Atomic hydrogen is the basic building block of galaxies (after dark matter). It represents the fuel for future star formation in a galaxy – a galaxy with a lot of atomic hydrogen could in principle make a lot of new stars. Many spiral galaxies have a lot of atomic hydrogen (with perhaps as much as 10 times as much mass in hydrogen as in stars!), while a typical elliptical galaxy has very little atomic gas, and so cannot form lots of new stars.
So our observation that bars are more likely to be found in spiral galaxies with less atomic gas supports our earlier ideas about bars possibly “killing” spirals (ie. helping to stop them form stars).
Of course it’s never quite that straightforward with galaxies. To start with correlation is not the same as causation, and to that we add that lots of things are correlated. We show some of that in the figure above. Bars are more likely in redder spirals which have more stars (“log Mstar” represents stellar mass in units relative to the mass of our Sun) and which also have less atomic gas. So the skeptical astronomer could say this has nothing to do with the gas content at all, just that the types/sizes of galaxies with less bars have more gas. To test that idea we measured the typical gas content of a spiral galaxy with a given number of stars, and from that we calculated how “deficient” or rich in atomic hydrogen any given galaxy was. Then we plotted the bar fraction against that. The convention in astronomy is to call how much less atomic hydrogen a galaxy has than normal it’s “HI deficiency” which gets bigger the less atomic hydrogen there is (from the people who brought you the magnitude scale!).
Anyway you can see we still see a clear trend, which demonstrates that it’s likely to be the atomic gas driving the correlation. Where a galaxy is richer in atomic hydrogen than normal it’s less likely to host a bar, and vice versa. Very atomic hydrogen rich galaxies which are massive and have bars are really quite rare!

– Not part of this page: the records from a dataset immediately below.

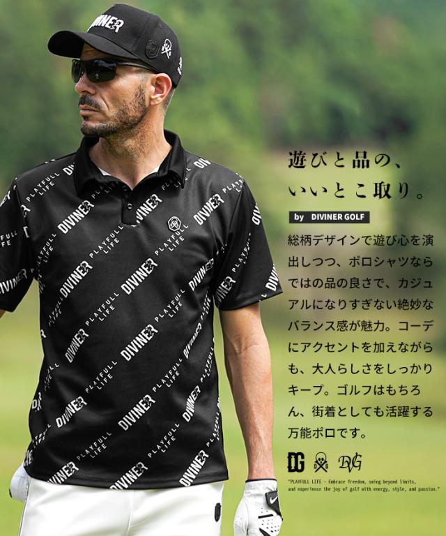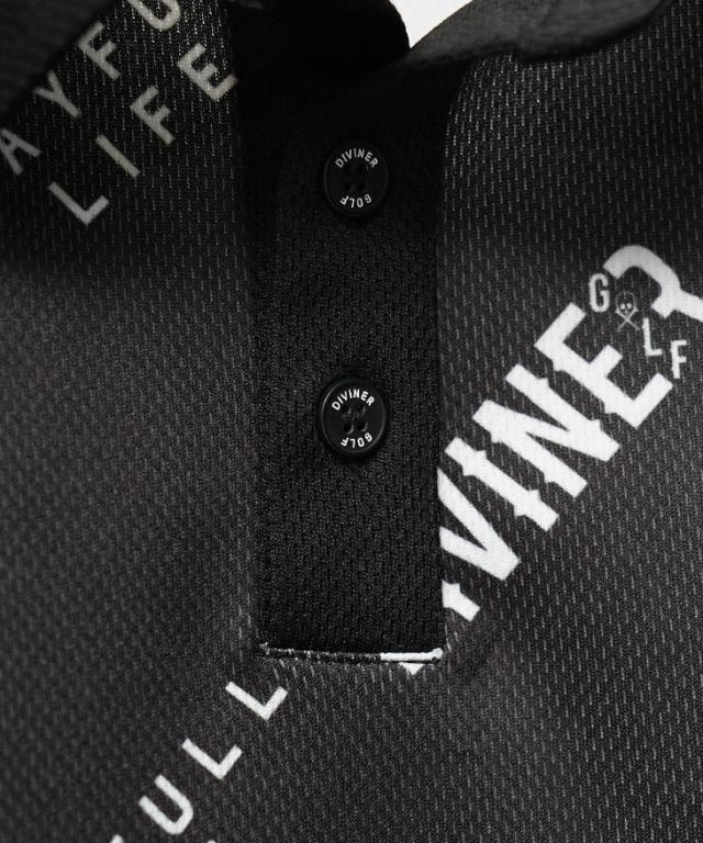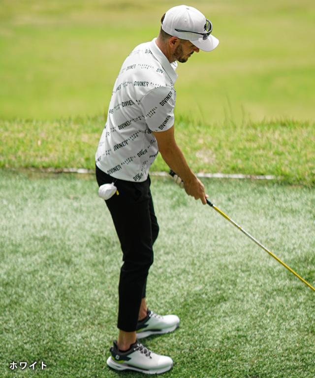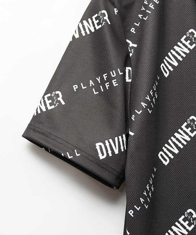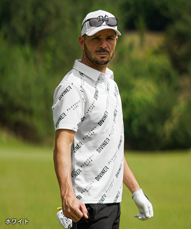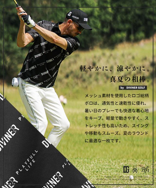 DIVINER GOLF(ディバイナーゴルフ)『総柄ロゴメッシュポロ』【総柄ロゴメッシュポロシャツ】■Design / デザイン“攻めすぎない柄で、印象に差をつける。”斜めに走るブランドロゴの総柄デザインが、単調になりがちなゴルフスタイルに程よいアクセントをプラス。ブラックとホワイトの2色展開で、柄の存在感を残しつつも上品に仕上げました。シルエットはやや細身。丈はジャストで、すっきりとした印象に。ベーシックな襟元に、さりげなく添えたオリジナルワッペンがワンポイントに映えます。さらっとした着心地で、プレー中も快適。控えめだけど、ちょっと攻めてる——そんな大人の余裕を感じさせる一枚です。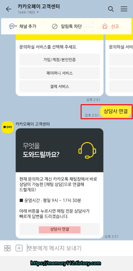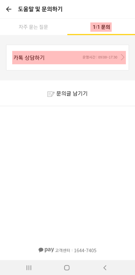 1:1 문의 탭으로 가면 '카톡 상담하기'라는 것이 보이는데. 그것을 누르면 카카오페이 고객센터 상담톡과 연결된다. 참고로 카톡 상담하기 운영 시간은 09시부터 17시 30분이다.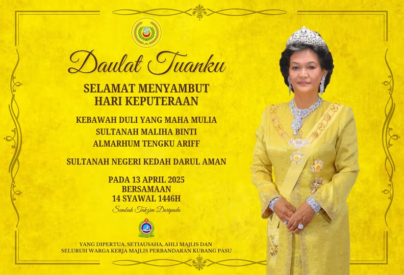 Kebawah Duli Yang Maha Mulia Sultanah Maliha binti Almarhum Tengku Ariff, Sultanah Negeri Kedah Darul Aman pada 13 April 2025 bersamaan 14 Syawal 1446H.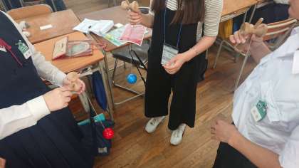 けん玉と福笑いの様子です。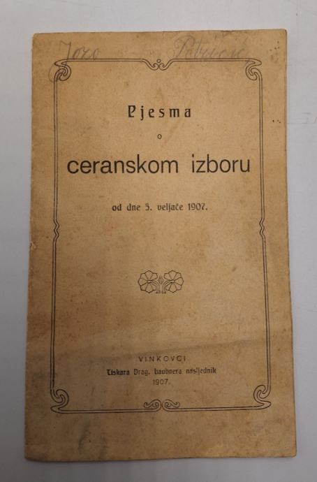 Pjesma o ceranskom izboru Stranica: 15Dimenzije: 10x16.5Jezik: VinkovciPismo: LatinicaStanje: DobroUvez: MekiGodina: 1907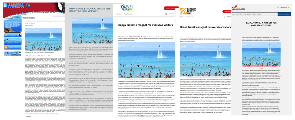 ↑ Скриншоты статей, опубликованных Malaysia News Agency, News2u Singapore, Travel Journal Macao, Cambodia Industry Wire, North Korea Travel News.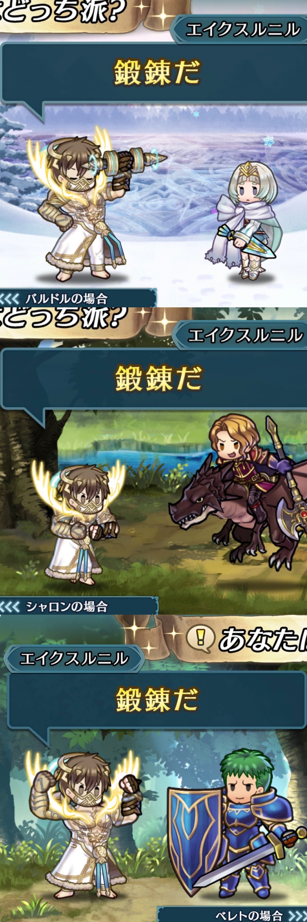 | … | 525/08/19(火)16:13:09No.1344805255+ストーリーでは真面目だったのにすっかり鍛錬しか言わないネタキャラ化してる… |
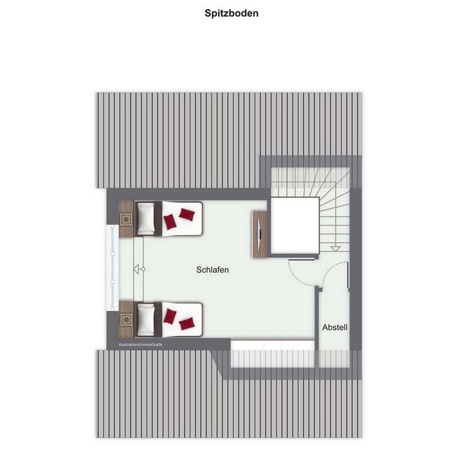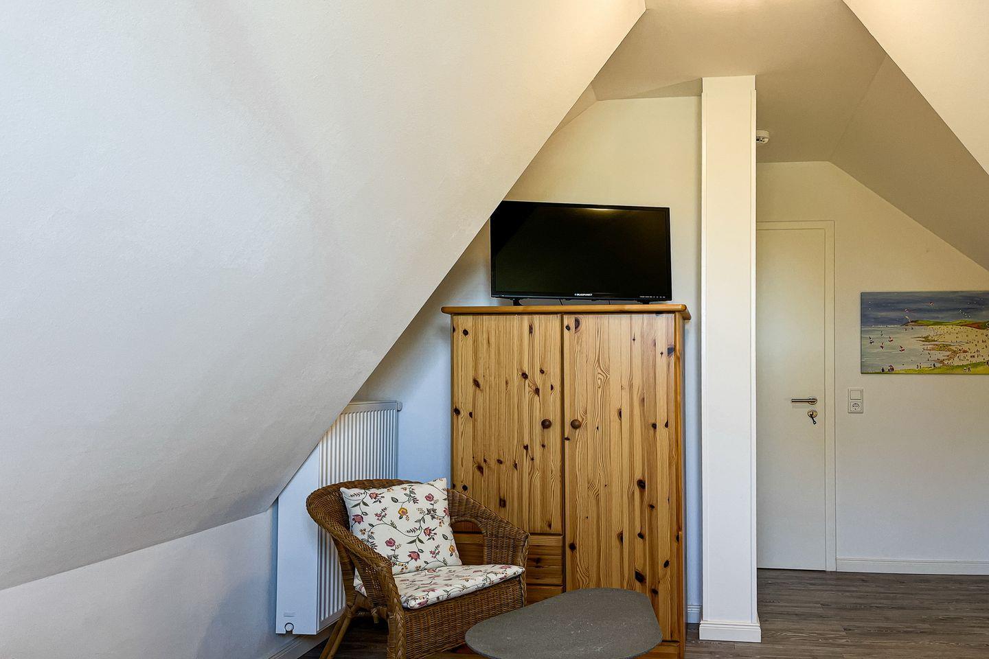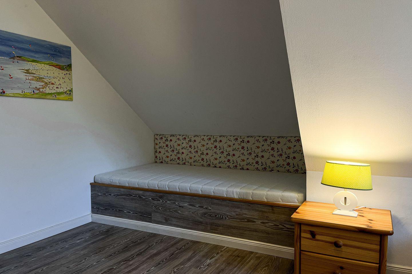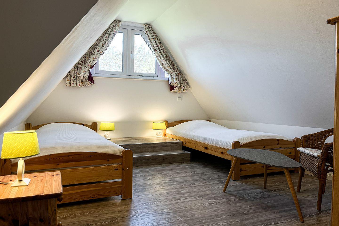 Im Spitzboden befindet sich ein weiteres Schlafzimmer mit 2 Einzelbetten (90 x 200cm) und eine Schlafnische (90 x 190cm).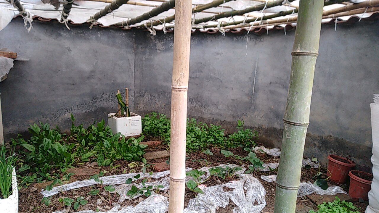 我已经搭了暖棚。天太冷的话,我就把挂着的塑料布放下来。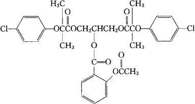 C32H32Cl2O10=647.50 2-羟-1-(羟甲基)乙基水杨酸酯2-乙酸酯双[2-(对-氯苯氧基)-2-甲基丙酸酯]。 2-Hydroxy-1-(hydroxymethyl)ethyl salicylate 2-acetate bis 2-(p-chlorophenoxy)-2-methylpropionate. 2-[2-(4-氯苯氧基)-2-甲基-1-氧代丙氧]-1-[[2-(4-氯苯氧基)-2-甲基-1-氧代丙氧]甲基]乙基-2-(乙酰氧基)苯甲酸酯。 2-[2-(4-Chorophenoxy)-2-methyl-1-oxopropoxy]-1-[[2-(4-chlorophenoxy)-2-methyl-1-oxopropoxy]methyl]ethyl-2-(acetyloxy)benzoate. 降血脂药。 祛腈柳丙酯。 Salafibrate,Asclopan. INN,USAN.  |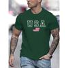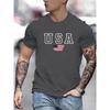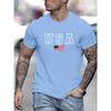 USA Print Short Sleeve T-Shirt For Male, Comfy Elastic Crew Neck Top, Men's Clothing For Summer Daily Wear & Workout — buy online with free worldwide shipping!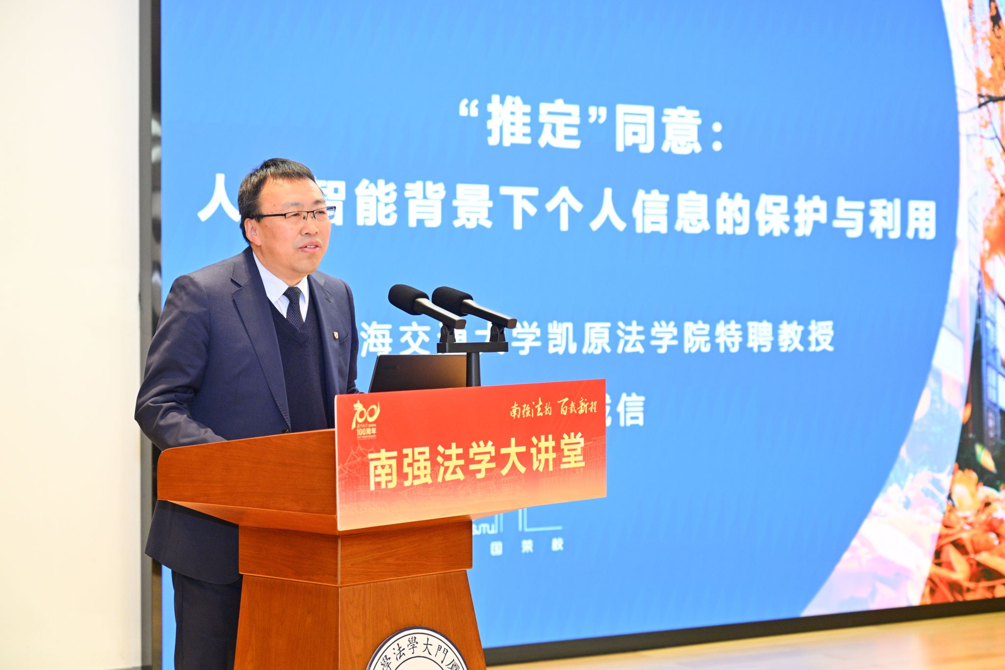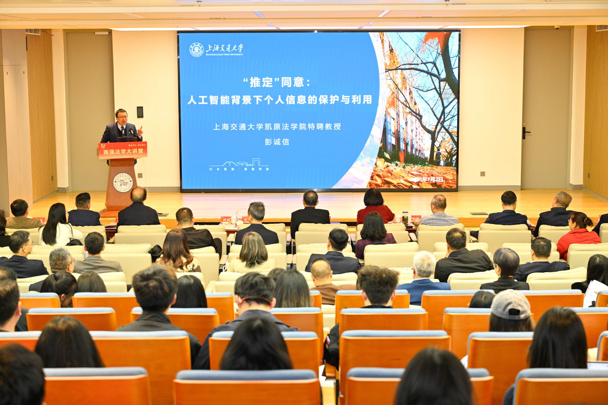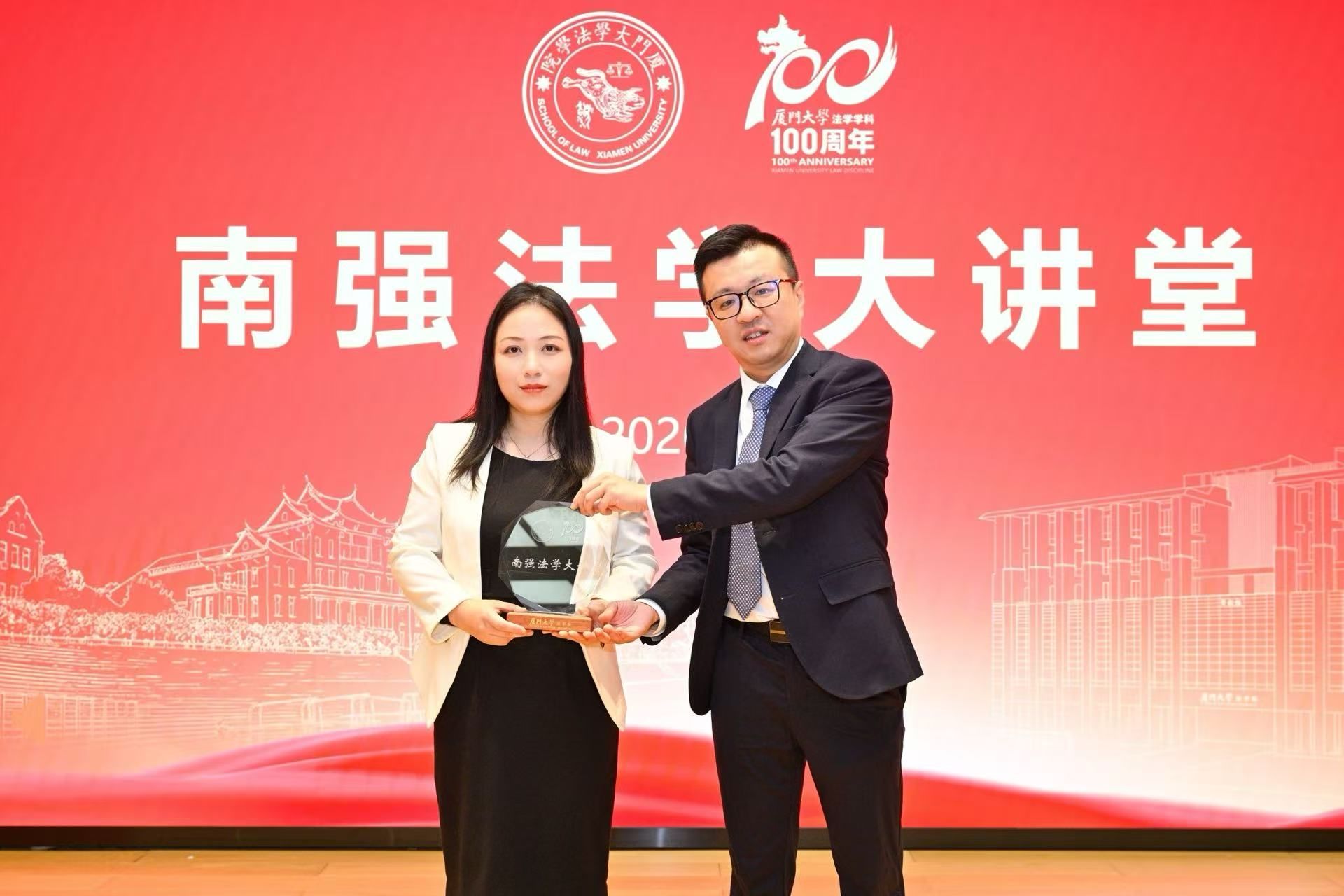 第一讲主题为“人工智能时代的法治”,特邀嘉宾为上海交通大学特聘教授、博士生导师、凯原法学院院长彭诚信,和厦门大学知识产权研究院教授、博士生导师董慧娟。开始前,院长陈鹏教授为两位嘉宾颁发“南强法学大讲堂”纪念牌。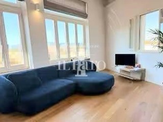 L'immobile è cosi composto: Bellissima e luminosa zona giorno di circa 50 mq con grandi vetrate e soffitti con travi a vista, camera da letto matrimoniale con cabina armadio e un bagno.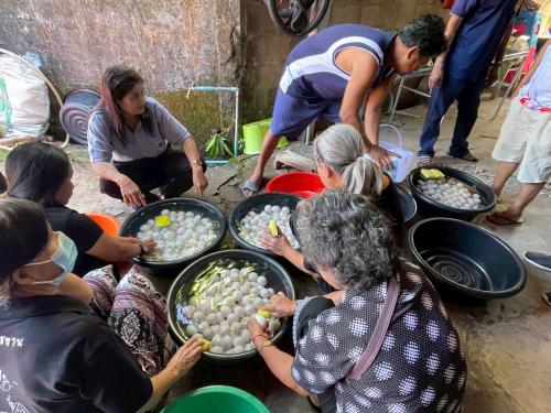 -ให้ความรู้เรื่องอาชีพ พร้อมทั้งฝึกอาชีพ การทำไข่เค็มใบเตยให้แก่กลุ่มเป้าหมาย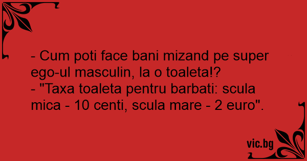 - "Taxa toaleta pentru barbati: scula mica - 10 centi, scula mare - 2 euro".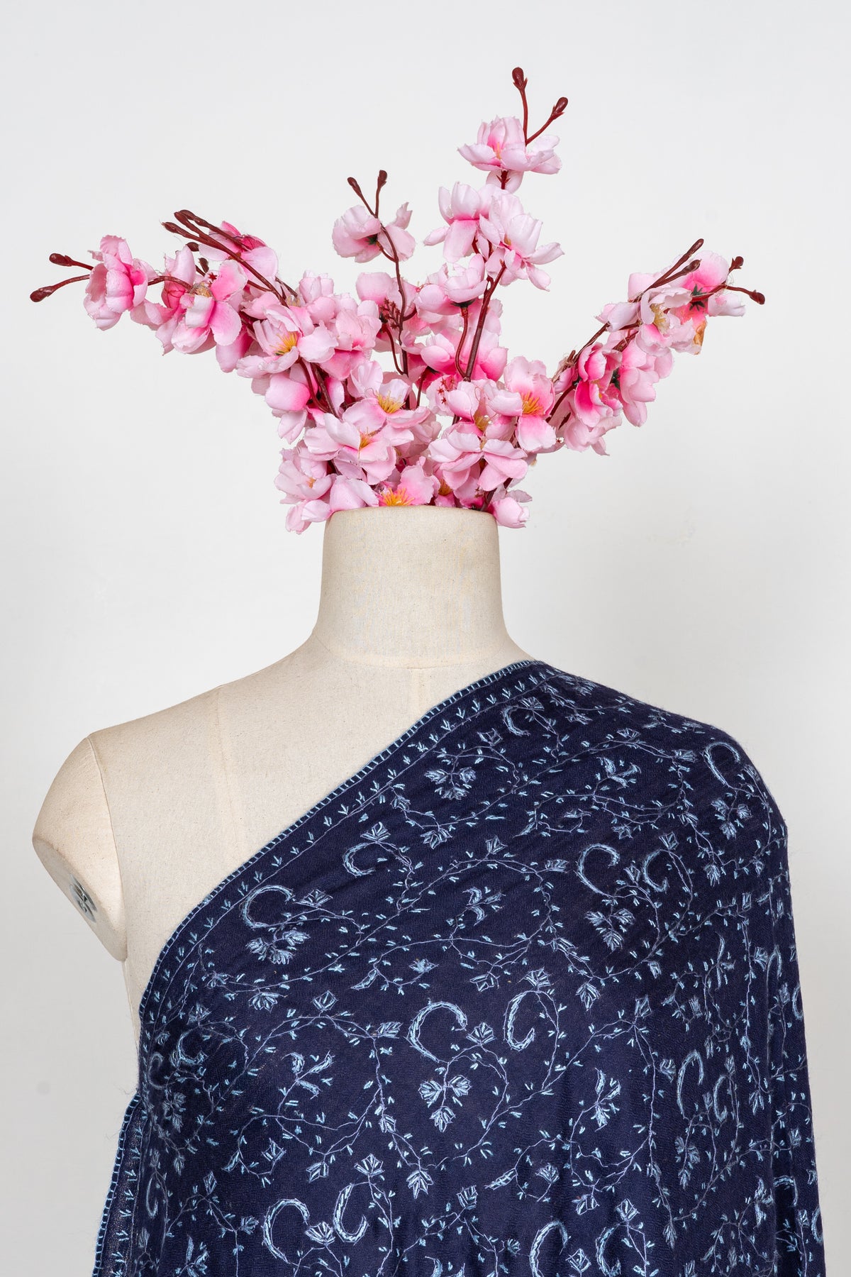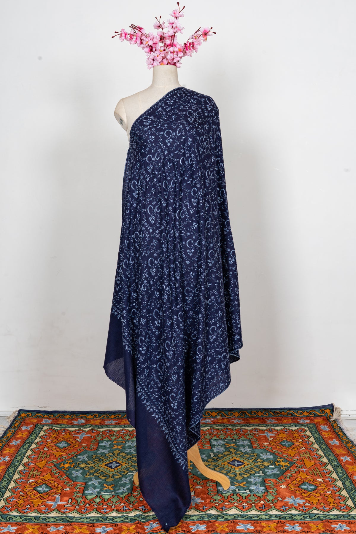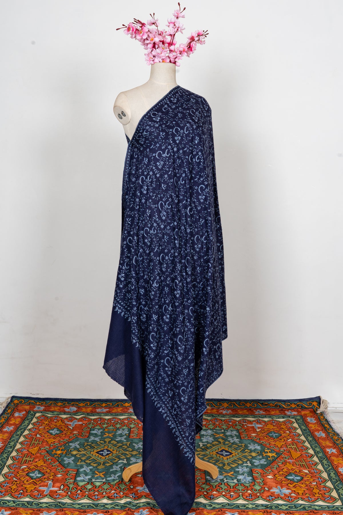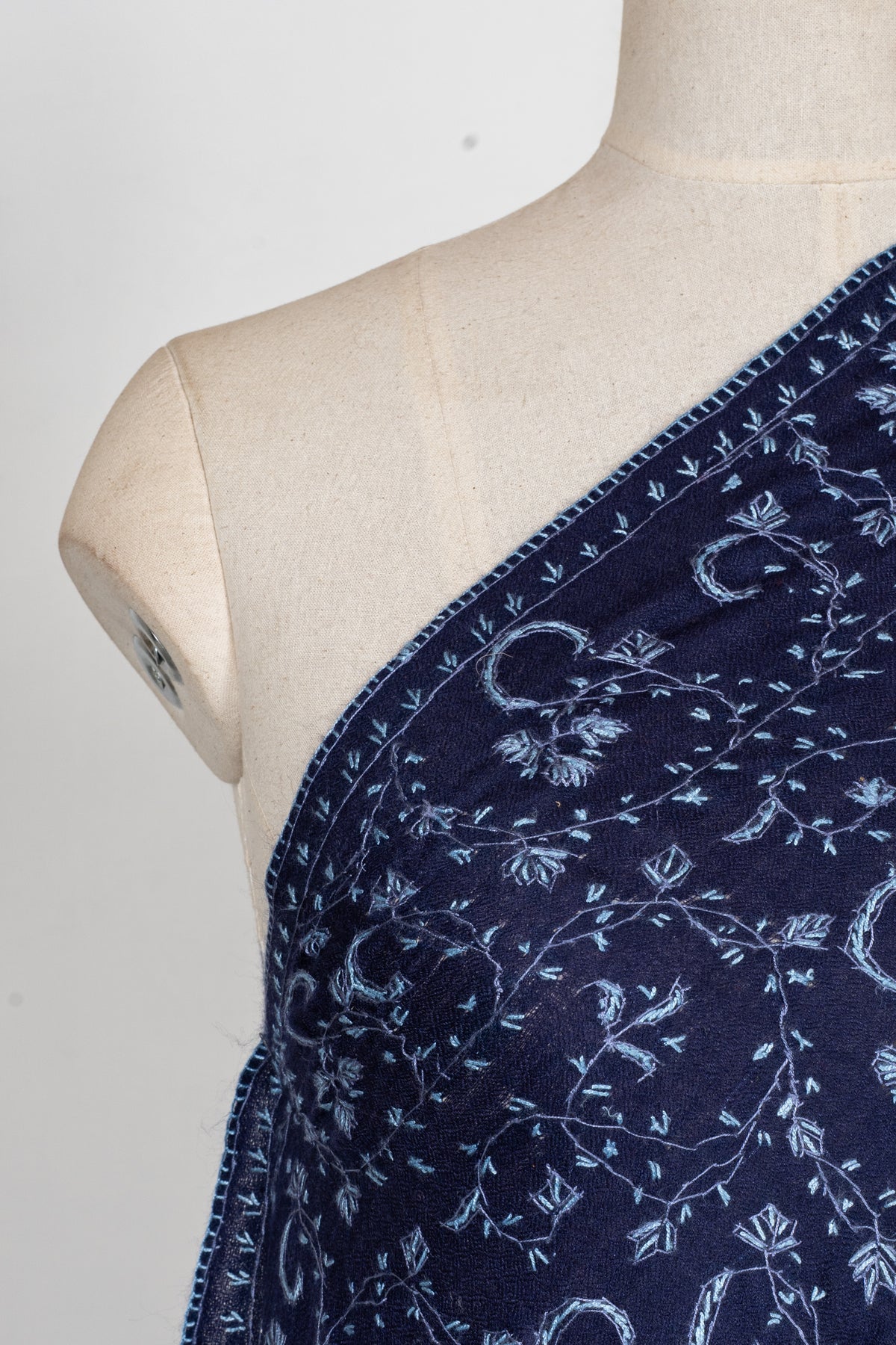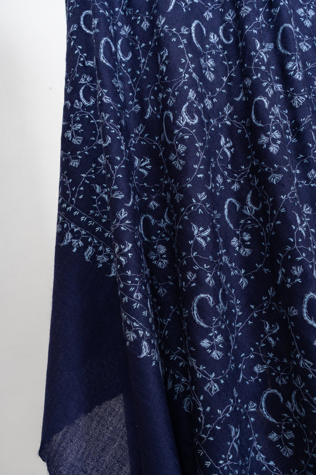Set in a rich indigo tone, this shawl features finely embroidered vine patterns that spread gracefully across the fabric. The depth of the color combined with the delicate detailing creates a refined and regal aesthetic.

Here are some examples of low and high mass galaxies which are gas rich or poor and with or without bars.
I made images of the whole sample we use available here.
At the end of the paper we put forward three possible explanations for the correlation, all of which fit in with the observations we presented. It’s possible that the bars are causing the atomic gas in galaxies to be used up faster – “killing” the galaxy. The bar does this by driving the gas to the centre of the galaxy where it gets denser, turns into molecular hydrogen and from that stars (but only in the centre). It’s also possible (based on dynamical studies of galaxies) that gas slows down the formation of a bar in a spiral galaxy, and/or destroys the bar. Finally it’s possible that as a galaxy interacts with its neighbours, a bar gets triggered and its gas gets stripped (ie. the correlation between the two is caused by an external process). We’ll need to do more work to figure out which of these (or which combination of them) is the most important.
To my mind the most interesting result was a hint that if a gas rich galaxy does (rarely) host a bar, it’s optically redder than similar galaxies without bars. It’s just possible that bars hold back infall of gas from the outer regions of a spiral galaxy and slow down star formation over all in that galaxy. That idea needs testing, but if it’s true it’s saying that an internal structure like a bar plays an important role in the global star formation history of a galaxy.
Anyway thanks again for the classifications!